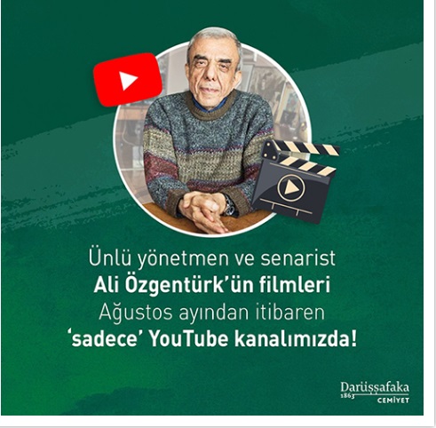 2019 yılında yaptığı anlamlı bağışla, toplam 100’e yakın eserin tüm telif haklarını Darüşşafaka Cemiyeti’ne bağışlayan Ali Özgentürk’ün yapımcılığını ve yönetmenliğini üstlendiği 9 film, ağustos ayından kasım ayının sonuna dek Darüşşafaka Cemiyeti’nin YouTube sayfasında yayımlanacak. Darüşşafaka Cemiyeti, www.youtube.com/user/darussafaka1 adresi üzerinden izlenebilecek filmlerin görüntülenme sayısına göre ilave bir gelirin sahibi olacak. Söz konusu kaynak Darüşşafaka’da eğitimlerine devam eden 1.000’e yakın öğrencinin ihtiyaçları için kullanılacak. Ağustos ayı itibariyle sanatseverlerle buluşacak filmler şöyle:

▬▬▬▬▬▬▬▬▬▬

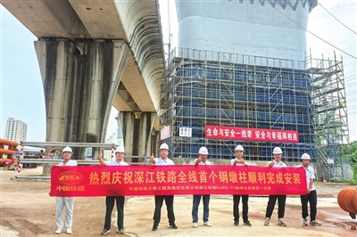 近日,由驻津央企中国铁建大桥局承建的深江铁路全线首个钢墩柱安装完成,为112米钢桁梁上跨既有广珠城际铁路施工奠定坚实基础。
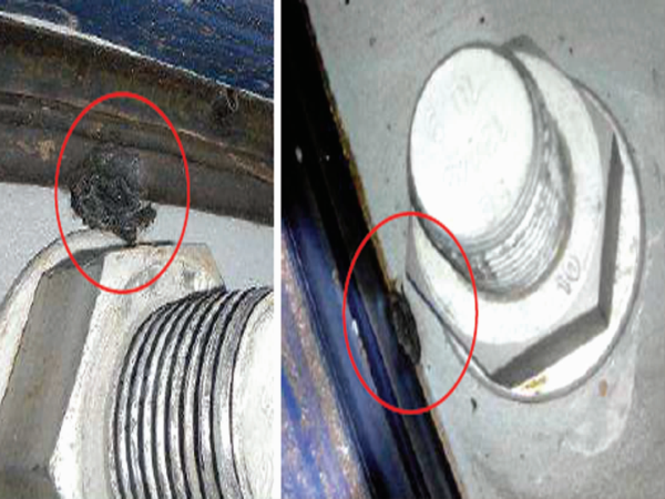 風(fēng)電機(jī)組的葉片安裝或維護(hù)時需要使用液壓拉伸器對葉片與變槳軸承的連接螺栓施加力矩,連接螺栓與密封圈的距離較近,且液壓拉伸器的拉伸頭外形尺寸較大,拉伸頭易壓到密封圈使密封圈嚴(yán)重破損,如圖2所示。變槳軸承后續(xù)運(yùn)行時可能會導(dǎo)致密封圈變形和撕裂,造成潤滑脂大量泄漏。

▬▬▬▬▬▬▬▬▬▬

Prompt:
From the records above, give again only the part that opens with the line containing "近日,由驻津央企中国铁建大桥" and closes with the line containing "風(fēng)電機(jī)組". Keep both ends but drop the pictures.

Written response:
 近日,由驻津央企中国铁建大桥局承建的深江铁路全线首个钢墩柱安装完成,为112米钢桁梁上跨既有广珠城际铁路施工奠定坚实基础。
 風(fēng)電機(jī)組的葉片安裝或維護(hù)時需要使用液壓拉伸器對葉片與變槳軸承的連接螺栓施加力矩,連接螺栓與密封圈的距離較近,且液壓拉伸器的拉伸頭外形尺寸較大,拉伸頭易壓到密封圈使密封圈嚴(yán)重破損,如圖2所示。變槳軸承后續(xù)運(yùn)行時可能會導(dǎo)致密封圈變形和撕裂,造成潤滑脂大量泄漏。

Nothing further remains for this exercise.